Les spécialistes l'espèrent moins violent que dans l'est de la France.

 

Le pic épidémique interviendra courant avril sur le bassin toulousain nous ont affirmé les spécialistes du CHU de Toulouse, ce vendredi.

L'établissement est en première ligne face à l’épidémie de Coronavirus. Lors d'une téléconférence de presse la direction de l'hôpital a précisé les moyens engagés : actuellement le CHU "qui a bénéficié de l'expérience des établissements des régions durement touchées" prend en charge 60 à 90 patients par jour, pour des symptômes respiratoires plus ou moins graves ; "soit deux à trois fois plus que d'habitude" confirme Vincent Bounes le directeur du SAMU 31.

 

Moyens mis en oeuvre pour le pic attendu

Une mobilisation à tous les étages "soignants, administratifs et techniques". A ce jour "8 personnes sont en réanimation, 5 en soins intensifs et 17 hospitalisés au CHU, tous âgés de 41 à 80 ans" ont indiqué les responsables du CHU de Toulouse, le directeur ajoutant "il y a 400 lits dédiés au COVID à Purpan ou Rangueil, la capacité pourra monter jusqu’à 740 lits".

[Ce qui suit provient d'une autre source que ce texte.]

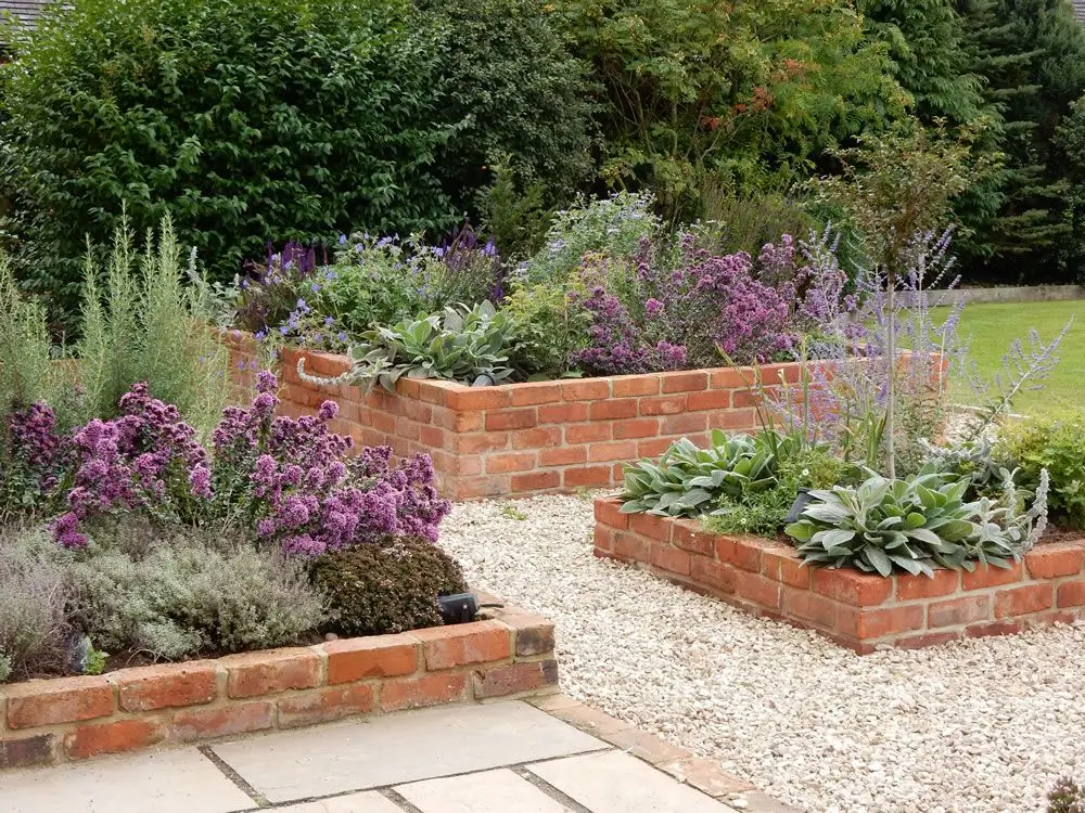 Tady jde o užitkové záhony, které jsou zároveň okrasné. Bylinky doplněné trvalkami. (charlottebertenshaw.pinterest.uk)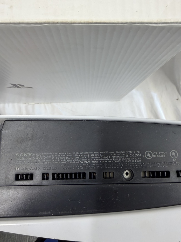 This listing is for a Sony PlayStation 5 Disc Edition console bundle. Includes the console, a DualSense wireless controller, power/HDMI cables, and the original box. System shows some cosmetic wear but is fully functional and ready for use.

Le CHU de Toulouse est le site référent dans l’ex Midi-Pyrénées. Il a organisé une montée en charge grâce aussi au lien étroit avec la médecine de ville car le CHU ne reçoit que les cas graves. Les lits disponibles et les respirateurs apparaissent comme les enjeux essentiels pour les hôpitaux dans la gestion de cette crise exceptionnelle, "on pourra dépasser rapidement 300 à 350 respirateurs, et nous pourrons accueillir plus de 300 patients en réanimation" confirme le patron de l'hôpital.

Le SAMU 31 a été renforcé, avec notamment des salles entières dédiées aux appels liés au COVID. Des chambres ont été libérées (sauf pour traiter les autres pathologies graves : AVC, cardiaques et polytraumatisés), les professionnels formés.

 

A quoi faut-il s'attendre ?

Le CHU de Toulouse a enregistré son premier décès du COVID mercredi - une femme de 84 ans à la santé fragile. Béatrice Riu, chef du service réanimation au CHU de Toulouse explique "on a une évolution en deux temps, un jour de début des symptômes avec de la fièvre, et une détresse respiratoire qui n'intervient qu'après 6 ou 7 jours". A ce jour dans la région, 15% des prélèvements sur les patients soupçonnés d'être porteurs du COVID sont positifs.

Le professeur Pierre Delobel, chef du service des maladies infectieuses observe dans la région toulousaine "une accélération nette dans les dernières 24 heures ". Il estime que le pic épidémique interviendra "courant avril" même si ce spécialiste espère un "écrêtement par rapport à l'est de la France qui a démarré plus tôt". "Les mesures de confinement mises en place par le gouvernement vont mettre 2 à 3 semaines avant de faire baisser la courbe" il faut donc s'attendre à 2 à 3 semaines d'augmentation de cas graves et de hausse des hospitalisations.

Pierre Delobel explique qu'hormis "les ventilations" les traitements utilisés en réanimation sont "le remdésivir, l'hydroxychloroquine ou le lopinavir" instaurés "pendant 10 à 14 jours" ; le chef du service des maladies infectieuses admettant "une difficulté d'approvisionnement vu la tension au niveau mondial". Il reconnaît des formes non graves existantes au sein de la population. Sur la stratégie immunitaire il explique "si on laissait faire les choses, il faudrait que 70% de la population croisent le virus pour que nous développions une immunité, ça fonctionnerait si la maladie n'était pas grave. En l'occurrence sans une intervention de santé publique : ça aboutirait à des centaines de milliers de morts." Fermez le ban.